Esta tradición fue reforzada por autores como Locke y Montesquieu y aplicada en Estados Unidos con extraordinario éxito, especialmente para mejorar las condiciones de vida de los más necesitados. Fue también seguida en estas latitudes aunque desgraciadamente sólo por un corto período de tiempo. En efecto, en el primer cuarto del siglo XIX las repúblicas latinoamericanas partieron de una visión liberal y democrática de las relaciones de poder. El triunfo contra España era la victoria contra el mercantilismo, el fin de los monopolios y la apoteosis del mercado.
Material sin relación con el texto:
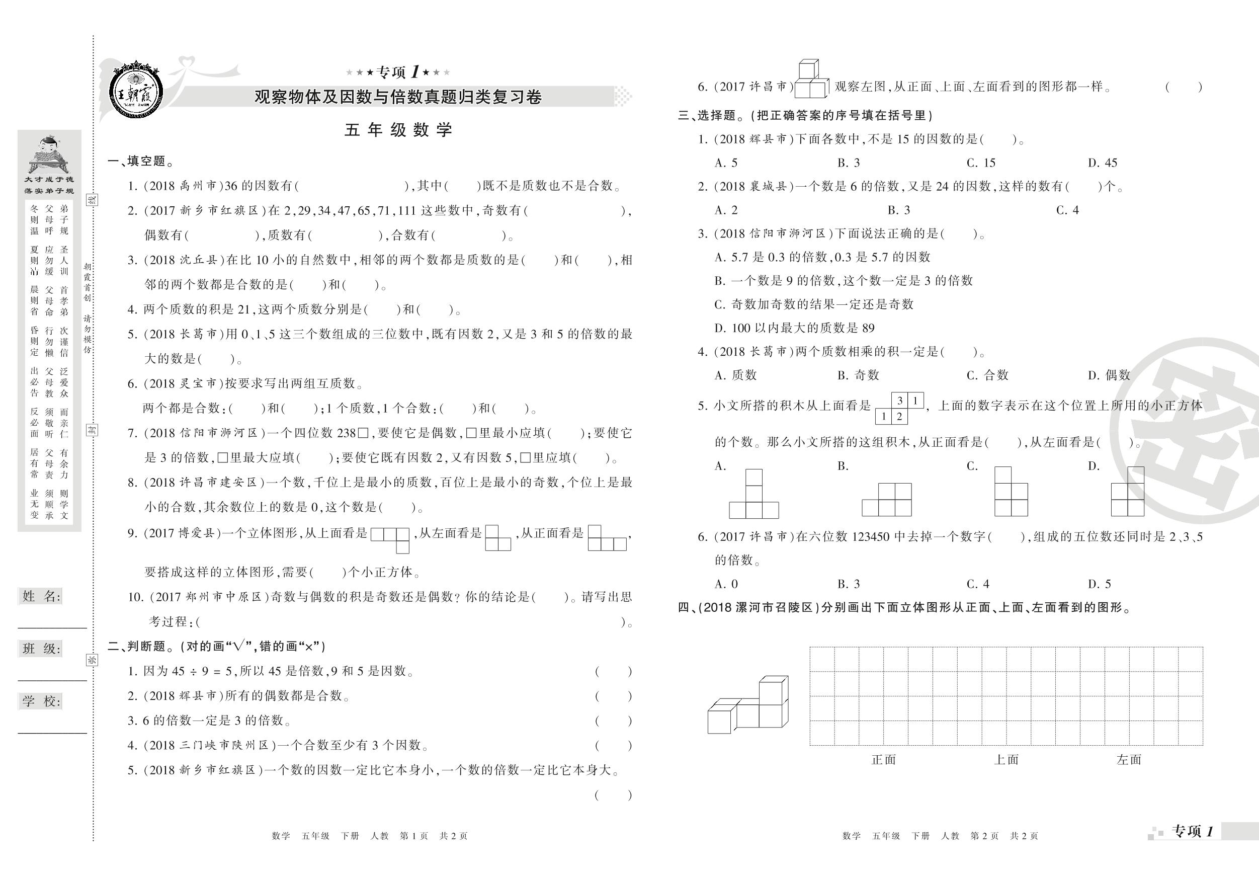 王朝霞期末专项卷——观察物体及因数与倍数、长方体和正方体真题归类复习卷五年级下册数学(人教版)_R210804174318【0】
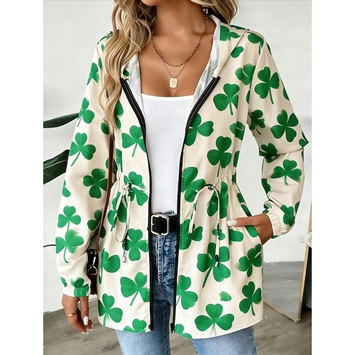 Per donna Giacca Giacca con Cappuccio Traspirante Stampato Sport Moda Casual Motivo Quotidiano Giorno di San Patrizio Weekend San Patrizio Cerniera Regolare Con Cappuccio Vestibilità regolare Manica
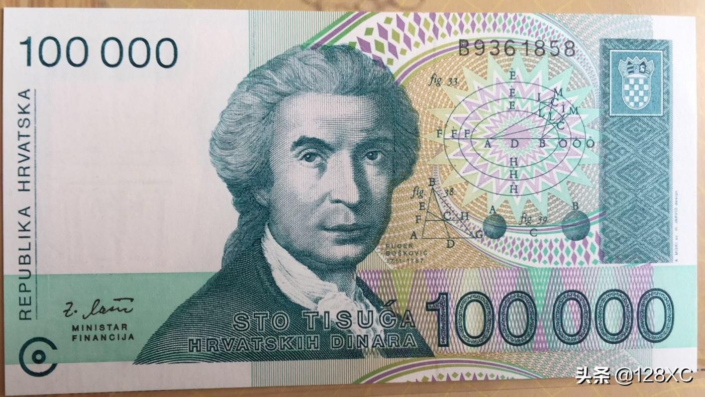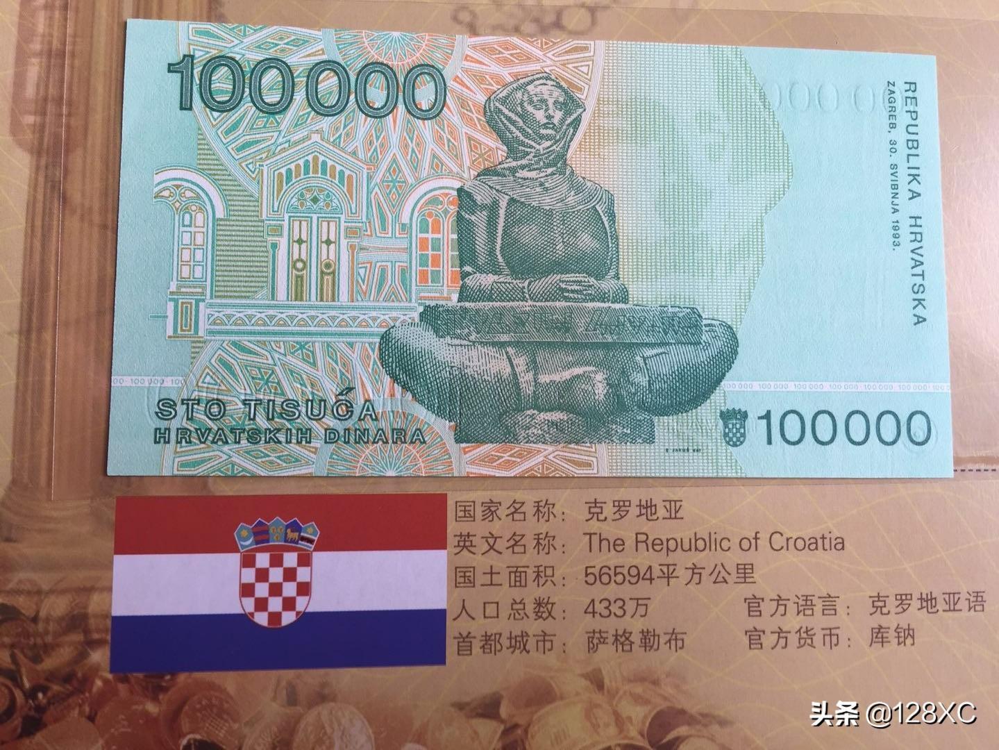 这张10万第纳尔纸币是上世纪90年代克罗地亚建国不久后的第一版货币,正面是克罗地亚数学家、天文学家、物理学家路德·博什科维奇,背面是克罗地亚之母雕塑,已于1994年停止流通,目前克罗地亚货币单位为库纳。Croatia, located in southeastern Europe, with its capital Zagreb, announced its secession from the former Yugoslavia on June 25, 1991, joined NATO in 2009, and joined the EU on July 1, 2013. On April 27, 1992, China recognized the Republic of Croatia. On May 13, 1992, China and Croatia established diplomatic relations. On January 11, 2015, kolinda grabar kitarovic was elected President, becoming Croatia's youngest and first female president since independence.

En aquellos años fundacionales las elites criollas progresistas, que fueron las que organizaron la revolución contra España, en el terreno económico defendían las ideas de Jacques Turgot y Adam Smith, mientras los reaccionarios se aferraban al mercantilismo típico de las monarquías absolutistas, perfilado en la Francia del siglo XVII por Jean Baptiste Colbert, ministro de Finanzas de Luis XIV, cargo que entonces tenía el más exacto nombre de controlador general. De la misma forma que los estadounidenses pocos años antes de la insurrección contra Inglaterra protestaron contra los impuestos abusivos con rebeliones y actos de desobediencia como la famosa revuelta del té en la Bahía de Boston en 1773, los cubanos en 1720 se insubordinaron en defensa del libre comercio y contra el monopolio del tabaco impuesto por la Corona española, los comuneros paraguayos lo hicieron poco después, y los comuneros colombianos algunas décadas más tarde. En realidad, todos estos episodios del siglo XVIII en demanda de comercio libre y la eliminación de privilegios, aplastados a sangre y fuego por las autoridades coloniales españolas, sirvieron como acicate a las luchas emancipadoras del siglo XIX.

Mucho más tarde comenzaron graves desvíos de los valores y principios señalados permitiendo que el gobierno se engrosara a niveles inauditos, y para financiar los consecuentes gastos públicos astronómicos se recurriera a presiones impositivas insoportables, a métodos que atacan principios centenarios de legitimidad y regulaciones asfixiantes, cuando no a robos legales llamados inflación. En este contexto el cobro de impuestos avanza por el otro extremo, tratando de escurrirse de los principios del Estado de Derecho. La autoridad tributaria, incluso de jerarquía administrativa menor, tiene amplias facultades de interpretación de las leyes que tienden a ser generales y confusas, lo que quita la certeza jurídica que debe imperar en las obligaciones del ciudadano. No pocas veces, incluso, estas interpretaciones son retroactivas, haciendo aún más efímera la neutralidad y predictibilidad de la norma. Se imponen los usos, ya no sólo de las multas y penas pecuniarias, sino de las amenazas a la libertad. Se cae con facilidad en que el fin justifica los medios y se atropellan en aras de una mayor recaudación, derechos tan elementales como el de la privacidad y la presunción de inocencia, o se acepta el delito de parte de un gobierno, como en el caso de un robo de bases de datos bancarias, con tal de poder inculpar a terceros y recaudar algo más.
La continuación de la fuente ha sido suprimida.